POLICLINICO DI ABANO TERME: proclamato lo stato di agitazione

Padova -

 

Al Signor Prefetto

PADOVA


AL DIRETTORE

CASA DI CURA POLICLINICO ABANO TERME spa

Abano Terme


e, p.c. Alla Commissione di Garanzia

per l’attuazione dello Sciopero

nei Servizi Pubblici essenziali

ROMA – fax 06-67796408



OGGETTO: Dichiarazione dello Stato di agitazione; richiesta incontro di conciliazione e raffreddamento. Legge 146/90 e successive modificazioni.

Signor Prefetto, la scrivente O.S. con la presente, dichiara lo stato di agitazione sindacale e chiede l’incontro di conciliazione e raffreddamento previsto dalle norme citate in oggetto.

La Casa di Cura in indirizzo pur essendo di proprietà privata è sottoposta alla legge in oggetto.

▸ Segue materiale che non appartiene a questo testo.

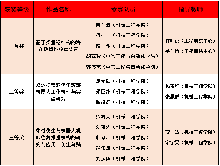 教务处、工程训练中心、机械工程学院、电气工程与自动化学院等相关单位部门高度重视,在参赛选手选拔,指导教师选派、场地经费保障等方面给予大力支持。我校共派出6支学生队伍参赛,各位指导教师和同学们利用一年左右时间积极备战,克服重重困难,最终勇创佳绩。
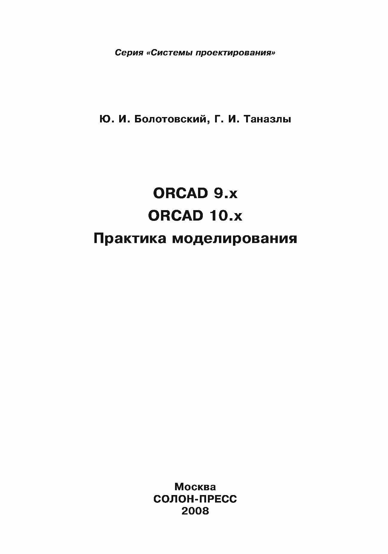 ORCAD 9.x ORCAD 10.x. Практика моделирования (Болотовский Юрий Израилевич, Таназлы Георгий Иванович); Солон-пресс, 2008
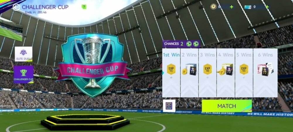 To play in the Challenger Cup Event, you must have vee. It is only available for a limited time. Users can challenge some of the most famous clubs in the world here. You will receive a Challenge Box after every win. But don't worry, you'll get a free ticket to your first Challenger Cup match.
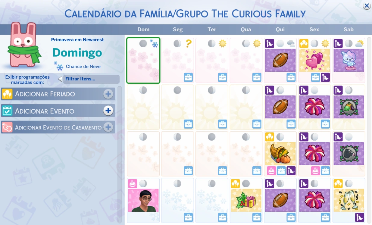 O calendário permite planejar Eventos Sociais antecipadamente, até duas semanas de antecedência. Ele exibe, também, horários da escola e de carreiras, futuros aniversários, fases da lua, festivais, feriados e clima.
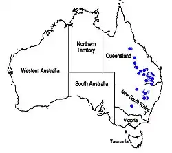The species occurs in northern New South Wales and southern Queensland, on deep, gravel-rich, sandy soils, in mallee woodland and dry sclerophyll forest.[1]
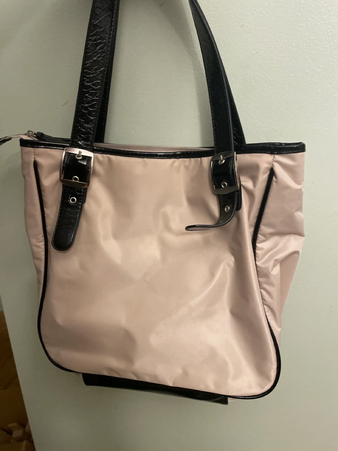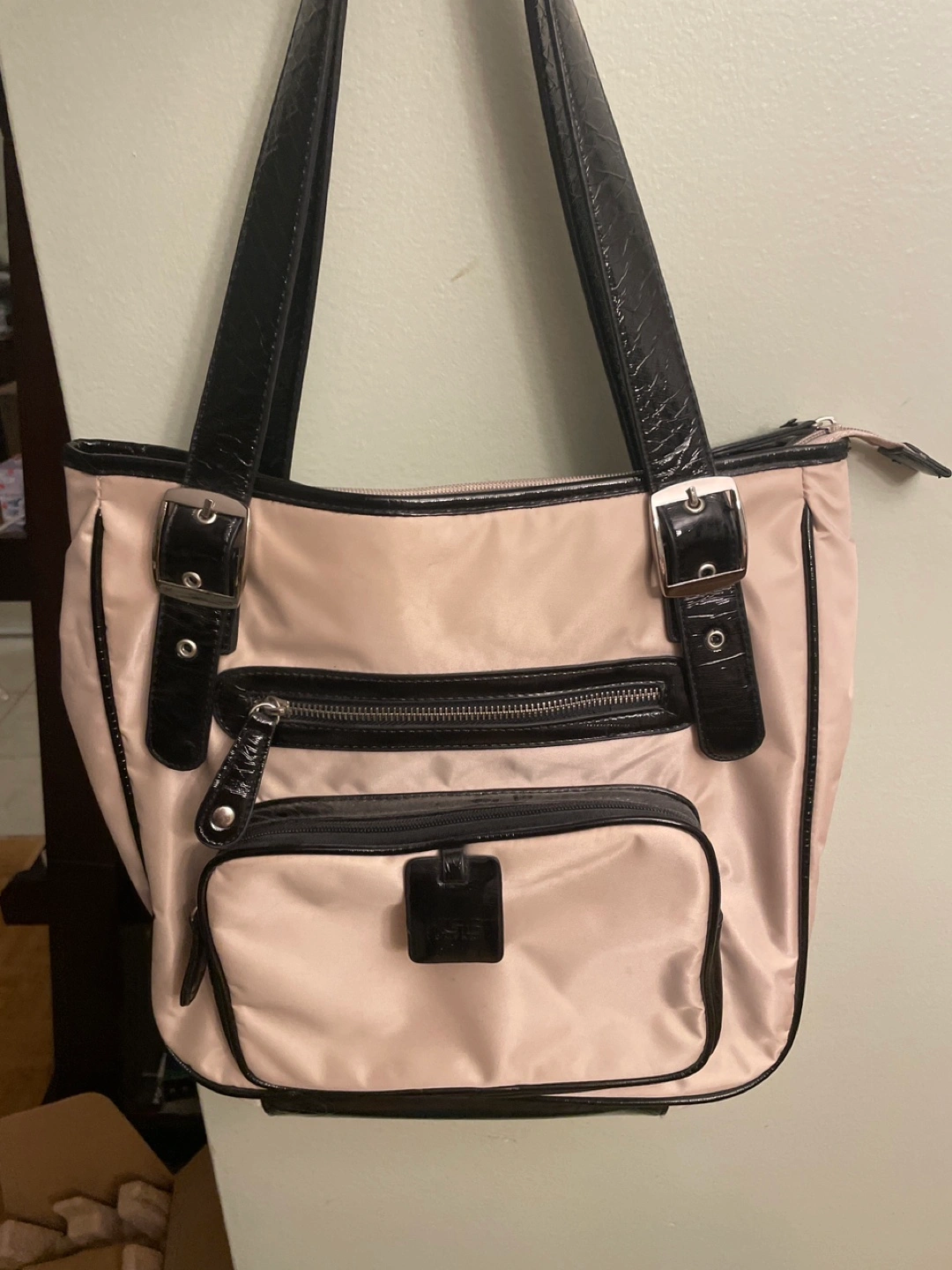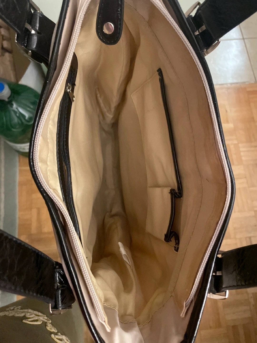 Stylish tote bag. Beige exterior with black accents. Two top handles. Multiple pockets inside and out. Zipper closure.
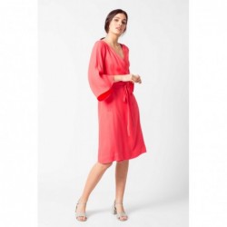 Deze roze jurk met driekwart uitlopende mouwen fleurt uw zomerse evenementen op.
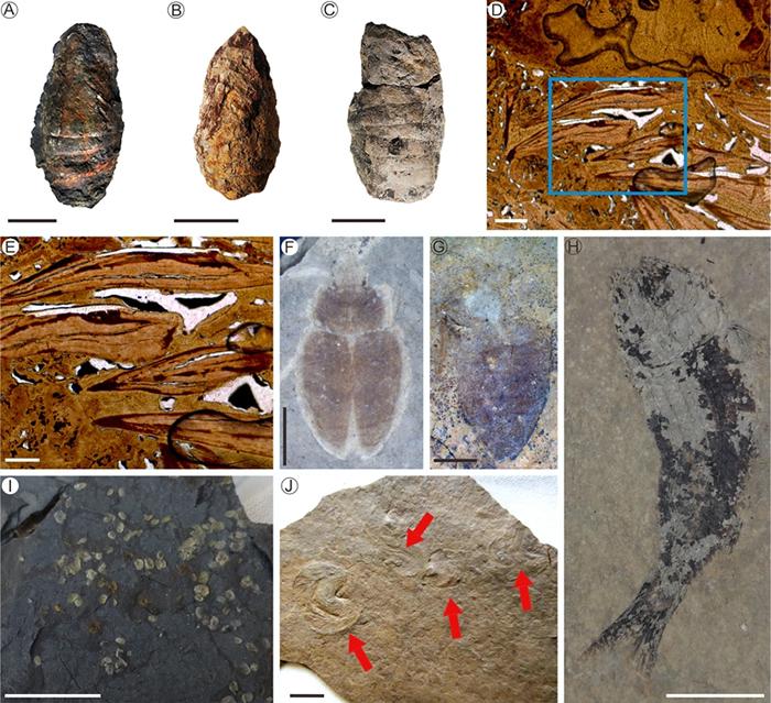 剖面产出的各类代表性化石。A-C, 鱼粪;D-E,鱼粪切片;F和G,甲虫;H,鱼;I,介形虫;J,鲎虫
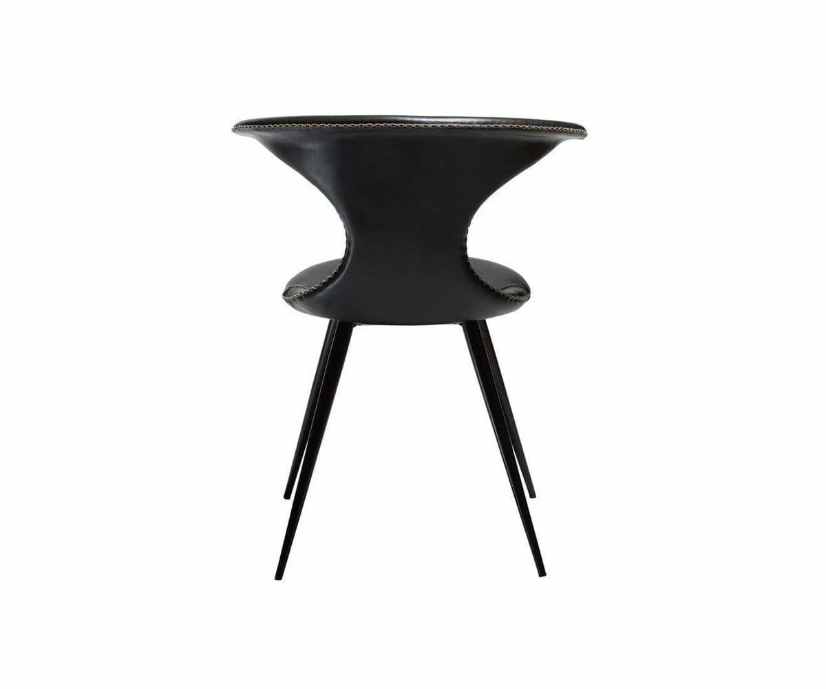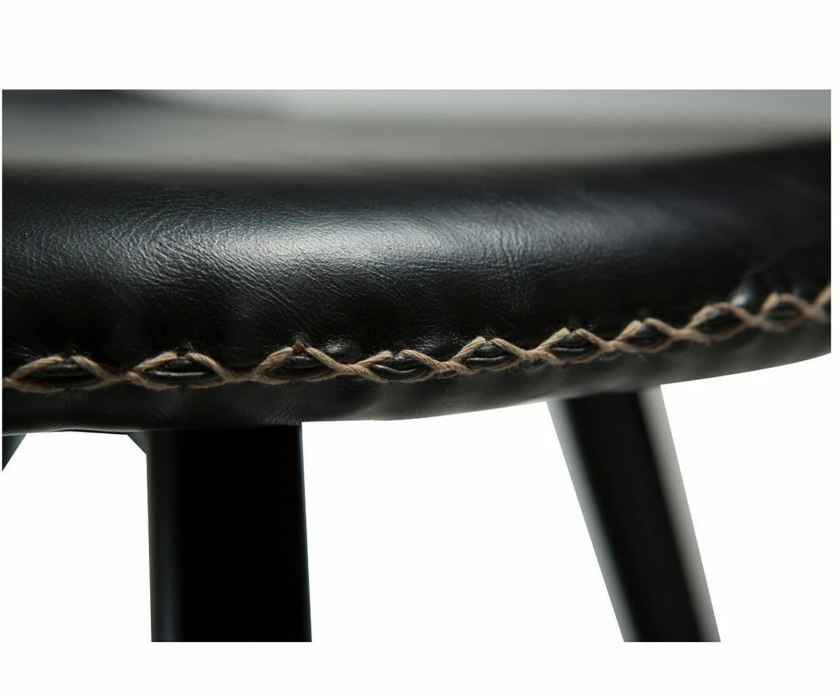 The Drake Chair is the perfect rustic industrial accent piece for your dining area. A round seat topped with uniquely curving arms echoes the classic western shape of a bullhorn. Upholstered in smooth faux leather, this chair is accented with contrasting stitching that speaks to rustic and modern Danish influences. A sturdy industrial frame features a matte black powder-coated finish, and legs that taper to subtly exaggerated points.

Le motivazioni che ci spingono a dichiarare lo stato di agitazione e l’eventuale dichiarazione di sciopero sono le seguenti:


Mansioni superiori: Gli operatori socio sanitari della Sala operatoria, del Pronto Soccorso (sono costretti a uscire in ambulanza per gestire i codici gialli) sono tenuti a svolgere funzioni infermieristiche. Di notte e i festivi gli autisti e operatori socio sanitari devono svolgere funzioni da gessisti (funzione medica). Molti medici sono assunti con contratto da “assistenti” e svolgono invece funzioni da medico aiuto. (l’assistente medico dovrebbe supportare un medico aiuto e non svolgere funzioni autonomamente, come invece fanno).


Terapia intensiva: I 4 infermieri della terapia intensiva in turno, devono accudire fino a 15-16 pazienti. Per adempiere alle norme della sicurezza per pazienti e operatori (come previsto nella sanità pubblica) sarebbero invece necessario un infermiere ogni due pazienti. Ancor più grave la situazione dei medici: un solo anestesista è presente in turno ed è tenuto a gestire durante i festivi e le notti, le urgenze di tutti i reparti e i codici rossi del pronto soccorso. Per capirci ancora, nella sanità pubblica invece sono previsti nelle piante organiche 2 anestesisti per ogni turno con gli stessi posti letto.


Gravi problematiche relazionali: esistono nella struttura ospedaliera gravi problematiche relazionali tra Direzione e dipendenti; i lavoratori ci riferiscono di centinaia di procedimenti disciplinari negli ultimi tre anni…non esiste un ufficio risorse umane che possa ascoltare le difficoltà dei Reparti e Servizi per porre delle mediazioni. Funziona bene invece il metodo delle “minacce e intimidazioni” e viene promosso con coloro che rivendicano un minimo di dignità e sicurezza lavorativa. Segue______>>>>


Ricoveri ospedalieri: il 90% dei ricoveri sono programmati e extraregionali per ovvi motivi economici. Questo determina l’intasamento frequente del Pronto Soccorso, con pazienti “parcheggiati” in quel Reparto d’accesso su letti e barelle anche per due giorni.


Servizio di Radiologia: la Direzione ha imposto che diversi esami radiologici anche ad alto rischio (invasivi), vengano effettuati senza la presenza necessaria del medico radiologo.


Carichi di lavoro: in diversi reparti i dipendenti sono soggetti a condizioni lavorative veramente difficili in quanto non viene riconosciuta la reale quantificazione dei loro carichi di lavoro. E ovviamente non vengono implementate con personale aggiuntivo le piante organiche.


Comportamento riguardante le relazioni sindacali: la scrivente o.s. ha chiesto più volte di incontrare la direzione aziendale ma questa si è sempre rifiutata. Vale la pena di ricordare che la scrivente ha numerosi iscritti sia tra il personale medico che infermieristico e assistenziale.


Visto le norme vigenti in materia la presente dichiarazione comporta la convocazione delle parti, sindacale e aziendale entro 5 giorni dalla presente, precisando che le norme in materia prevedono che durante il tentativo di conciliazione e raffreddamento le parti non intraprendono atti unilaterali.

Restando in attesa di convocazione ufficiale si porgono distinti saluti.